= Bizz Nizz =

Dance act

Bizz Nizz was a Belgian dance act formed in 1989 by Jean-Paul de Coster of Antwerp.

The dancefloor-filling singles "We're Gonna Catch You!" and "Don't Miss the Party Line" were both substantial hits across Europe. In the UK, "Don't Miss the Party Line" reached number seven on the UK Singles Chart in April 1990.
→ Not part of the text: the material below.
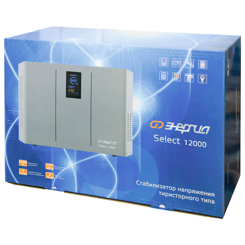 Стабилизатор Энергия Select-10000 оснащен комплексом систем, обеспечивающим надежную защиту как потребителей, так и самого стабилизатора от любых нештатных ситуаций, и рассчитан на непрерывную круглосуточную работу в условиях больших по значению и длительности отклонений напряжения от номинального значения.
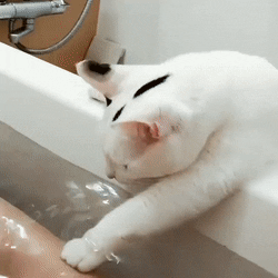 Dieser Look ist einfach witzig. Als ob sie einen elektrischen Schlag und kein Seifenbad erhielt. Die Katze scheint mit dieser grausamen Welt satt zu sein und scheint auf der Suche nach dem ewigen Frieden zu sein. Oh armer Seele, es ist nur ein Bad. Paddeln Sie in diesem Wasser und handeln Sie nicht wie ein totes und zerbrochener Kerl. Dieses Bad hat all ihr Glück im Leben weggenommen. LOL!

The following year, de Coster and the band's remixer Phil Wilde formed 2 Unlimited, with performers Ray Slijngaard and Anita Doth.

==Discography==

| Year | Single | Peak positions |  |  |  |  |  |  |
| BEL (FLA) | AUS | AUT | GER | ITA | IRE | UK |
| 1989 | "We're Gonna Catch You!" | — | — | — | — | — | — | — |
| 1990 | "Don't Miss the Party Line" | 24 | 124 | 9 | 10 | 20 | 9 | 7 |
| "Get Into Trance" | — | — | — | 28 | 47 | — | — |
| 1996 | "Dabadabiaboo" | — | — | — | — | — | — | — |
| 1997 | "Party People" | — | — | — | — | — | — | — |
| 1998 | "Get Up and Boogie" | — | — | — | — | — | — | — |
"—" denotes releases that did not chart or were not released.